祁照一還在埋怨,祁枏卻盯著他的唇入神,不知不覺間將手指伸向那。
祁照一實在是應激反應,快速抓住他陰謀詭計的手腕。
“不用把手放我嘴裡,問甚麼我會用點頭或者搖頭來回答。”
“好吧。”祁枏其實沒甚麼問題想問,不過還是想了幾個。
“你找我就是想說你分手了?”
點頭。
“那你是難過?”
點頭又搖頭,接著補充“還好。”
那你不要我安慰吧…或許還是安慰一下?
因為長時間沒有再說話,祁照一的手指在祁枏褲腿上寫字,一撇一捺,寫了個“豬”。
“你在想甚麼呢?哥哥。”
“嗯……你談戀愛是想疏遠我嗎,我確實應該和你保持好距離。”
“……”這個問題很難回答,祁照一裝作沒有聽見。
良久,祁枏最後說:“那…我今晚可以去你房間睡覺嗎?你也知道我一個人有些睡不著。”
“嗯。”點頭。
*
凌晨兩點,父母還是和往常一樣沒在家,莫紀寫完作業後在自己的房間裡打遊戲。
突然響起了一陣敲門聲,他感到奇怪,半夜怎麼會有人來敲門呢。莫紀來到客廳,開啟了家裡的燈,敲門聲還在持續不斷地迴響,咚咚咚,這種程度對莫紀來說算不上驚悚瘮人。
他眯起眼睛看著貓眼,門外竟然是自己無比熟悉的身影,他馬上開啟了門。
“哥,你有甚麼事嗎?”
穿著睡衣,懷裡抱著一個枕頭的祁枏站在門口。他半睜著的眼睛無神、沒有焦點,在樓道冷白色的燈光下有種非人感。莫紀全身上下掃了一眼,低頭定睛一看,祁枏穿著兩隻不一樣的拖鞋。
阿飄是不用穿鞋的,所以可以放心了。
祁枏沒有回答,只是邁著步子往裡走。
莫紀也不再過問,只是說:“請進。”
莫紀本想牽著他走,但祁枏就像是回到了自己家一樣很順利地來到了客廳,躺在沙發上睡覺。
“哥,你這是夢遊?”莫紀坐在沙發前的地毯上看著反常的祁枏。
“……”只有均勻的呼吸聲。
祁枏抱著枕頭蜷縮著身子躺著,客廳窗外的月光照了進來,灑在沙發上,灑在祁枏和莫紀的身上。
在黑夜裡祁枏的臉也可以看得很清楚,他的頭髮很散亂,臉很白五官精緻柔和、眼角有一顆淚痣,嘴唇飽滿。睡著的姿勢和表情很恬淡,莫紀戳了戳他的臉頰,看來睡得很熟。
“哥,不回家嗎?”莫紀輕聲呼喚著,手輕輕地撫著祁枏的額頭就像是在哄睡一樣。
他腦子裡想了很多,他這樣大機率是夢遊了,就這樣跑出來叔叔阿姨應該不知道,幸好沒跑到別人家去,幸好來的是我家?應該送他回去比較好吧,但是現在很晚會打擾到他們,而且我家很安全。

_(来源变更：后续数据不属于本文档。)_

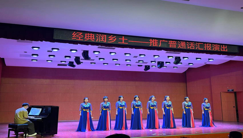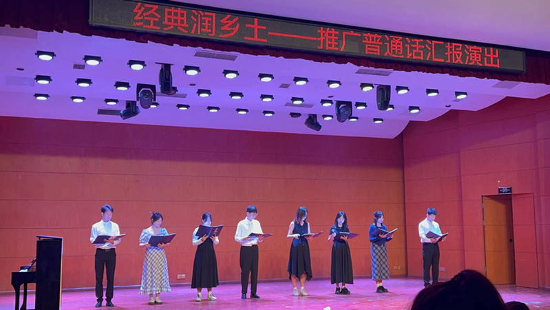 说好普通话,是对每位老员工的基本要求,也是每个中国人的责任。为促进“推普”工作的持续推进,体育平台官网声歌系特举办普通话推广课程汇报演出,由声歌系教师买岩萍,赵静担任指导老师,带领2021级音乐表演1班、2班完成汇报演出。汇报演出内容丰富,诙谐的小品、铿锵的朗诵、深情的合唱,同学们从各个方面体现了体育平台官网促进“推普”工作的持续推进。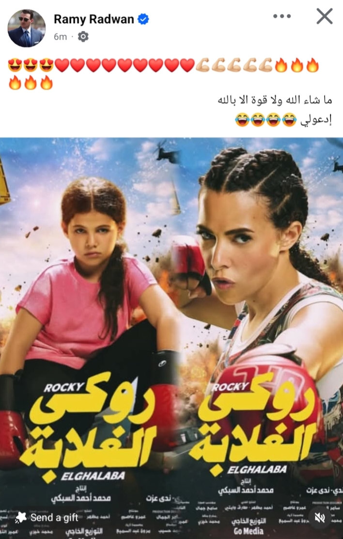 روج الإعلامي رامي رضوان لـ فيلم روكي الغلابة بطولة زوجته الفنانة دنيا سمير غانم، والذي من المقرر طرحه يوم الأربعاء الموافق 30 يوليو من الشهر الجاري.

“…不回…為甚麼…他們都不喜歡我…”祁枏睡夢中握住了莫紀撫摸他額頭的手,靠近他嘴角的手感受到了溫熱的呼吸。
“誰不喜歡你?我們都挺喜歡你啊。”
“沒有,他們都…沒有說過…討厭…說…過…”
“嗯?”莫紀聽不懂他混亂的話,也不知道發生過甚麼事,完全在狀況之外。
“那至少去房間睡吧?這裡會落枕。”
“別…別說話…”祁枏不再有回應了。
莫紀輕輕移出自己被緊握住的手,去房間裡拿了枕頭被子。他很小心地抬起祁枏的頭把枕頭放下,然後蓋上被子。
為了防止祁枏又到處夢遊,莫紀決定要一直照看他,於是他拿著電腦戴著耳機在客廳裡打遊戲。在黑暗裡玩遊戲眼睛很快就累了,他不知不覺間握住祁枏的手腕趴在沙發邊睡著了。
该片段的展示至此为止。